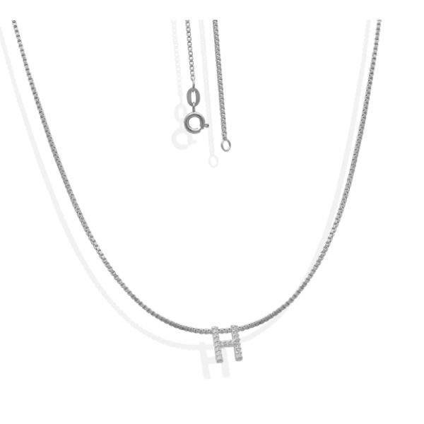 Gargantilha De Prata Com Pingente Letra H Pequena Cravejada 45Cm
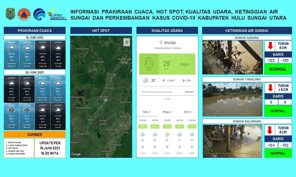 AMUNTAI – Update informasi prakiraan cuaca, hot spot, kualitas udara, ketinggian air sungai dan kasus Covid-19 Kabupaten Hulu Sungai Utara per tanggal 19 Juni 2021 pukul 16.30 WITA.
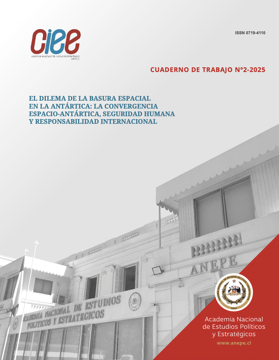 Las actividades espaciales han constituido un motor de innovación y proyección del Poder Nacional, generando al mismo tiempo nuevas dinámicas en espacios estratégicos para la seguridad internacional, como el continente antártico. Este estudio exami- na los reingresos de desechos espaciales en la Antártica entre 2004 y 2025, evidenciando un incremento sostenido vinculado a la competencia estratégica en el espacio ultraterrestre, analizando el impacto de este fenómeno en la seguridad internacional y la aplicabilidad de los principios de responsabilidad internacional bajo el Tratado del Espacio y el Antártico, destacando la interdependencia entre ambos regímenes y se aportan datos empíricos sobre un fenómeno escasamente explorado. Finalmente, se evalúa el rol de Chile, como país antártico, para liderar la búsqueda de soluciones es- tructurales en esta materia

→ WHAT THE TASK ASKS:
The copy should run from the first line of the material above through the line with "AMUNTAI – Update", repeated exactly and without pictures.

→ SOLUTION TO THIS PROBLEM:
 Gargantilha De Prata Com Pingente Letra H Pequena Cravejada 45Cm
 AMUNTAI – Update informasi prakiraan cuaca, hot spot, kualitas udara, ketinggian air sungai dan kasus Covid-19 Kabupaten Hulu Sungai Utara per tanggal 19 Juni 2021 pukul 16.30 WITA.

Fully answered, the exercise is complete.